◆ Work item ◆
Look through the entries below and copy exactly the part that begins with the line containing "The postcard was" and ends with the line containing "Fasco Vanity Fair". Do not copy the pictures.

◆ Data under study ◆
============================================================
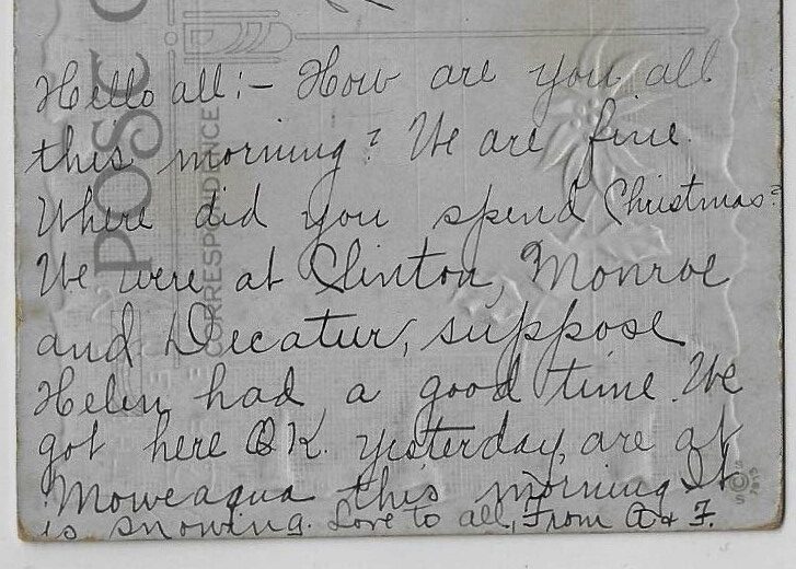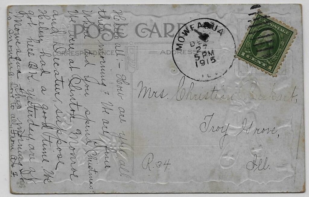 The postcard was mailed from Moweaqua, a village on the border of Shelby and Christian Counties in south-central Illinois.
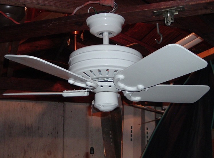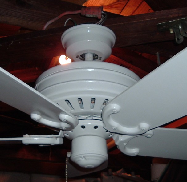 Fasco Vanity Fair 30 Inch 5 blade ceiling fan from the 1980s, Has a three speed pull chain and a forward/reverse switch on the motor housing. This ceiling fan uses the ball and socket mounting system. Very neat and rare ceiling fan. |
============================================================
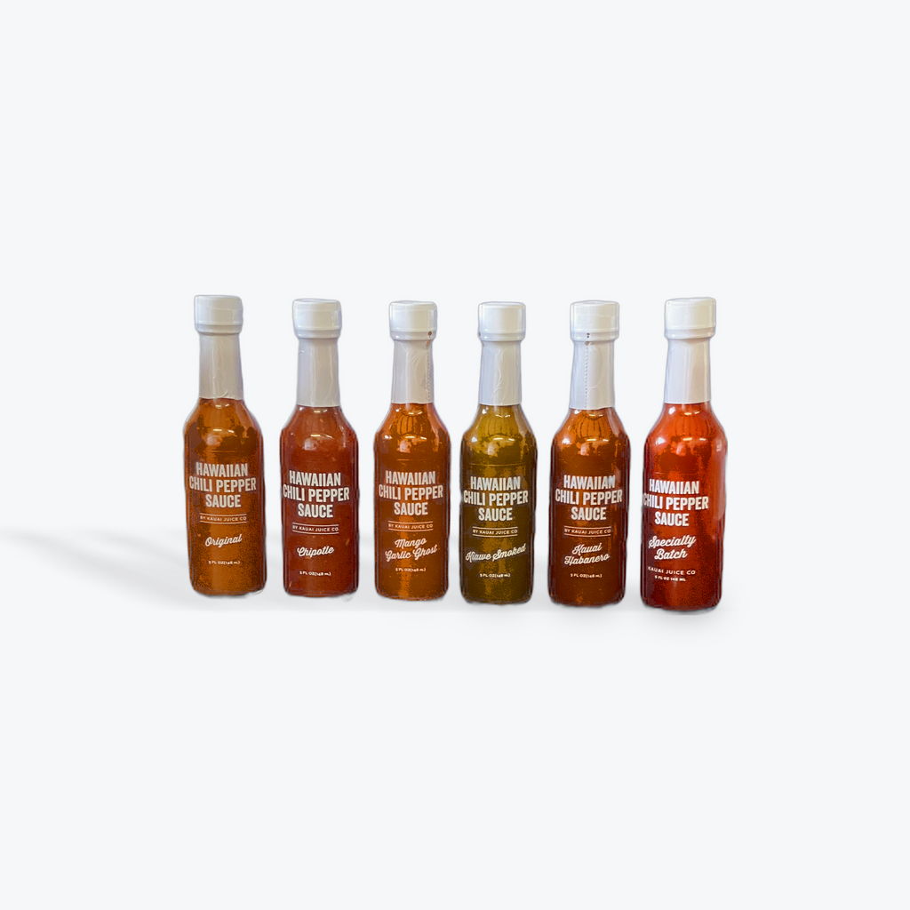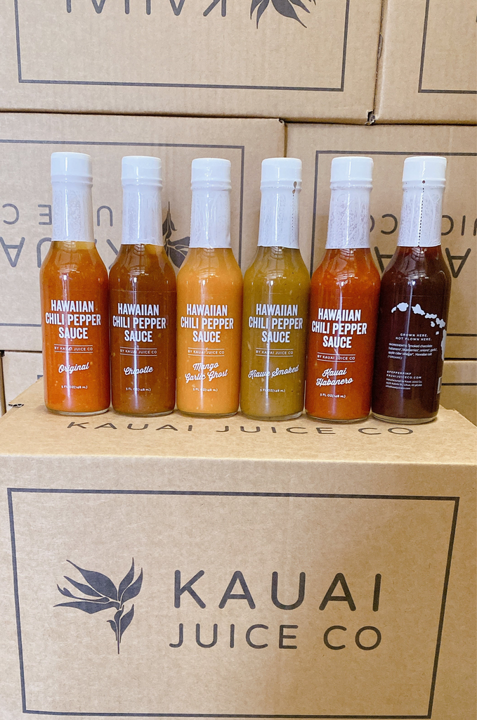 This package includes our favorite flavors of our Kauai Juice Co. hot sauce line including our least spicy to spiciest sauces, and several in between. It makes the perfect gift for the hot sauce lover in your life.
============================================================
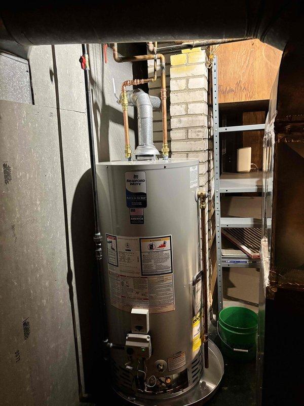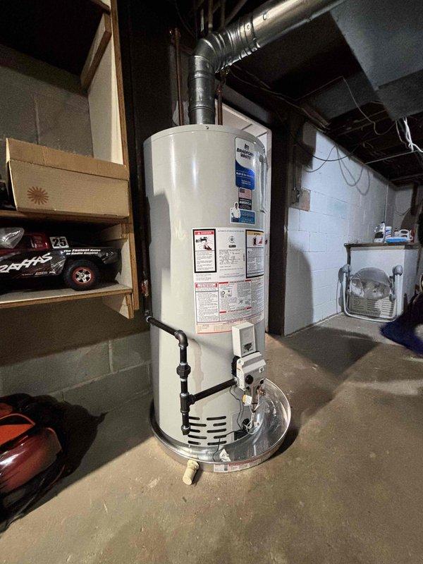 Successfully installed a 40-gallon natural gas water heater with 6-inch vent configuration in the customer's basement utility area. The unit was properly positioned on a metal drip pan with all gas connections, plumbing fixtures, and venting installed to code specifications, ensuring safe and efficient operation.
============================================================
◆ Task answer ◆
 The postcard was mailed from Moweaqua, a village on the border of Shelby and Christian Counties in south-central Illinois.
 Fasco Vanity Fair 30 Inch 5 blade ceiling fan from the 1980s, Has a three speed pull chain and a forward/reverse switch on the motor housing. This ceiling fan uses the ball and socket mounting system. Very neat and rare ceiling fan. |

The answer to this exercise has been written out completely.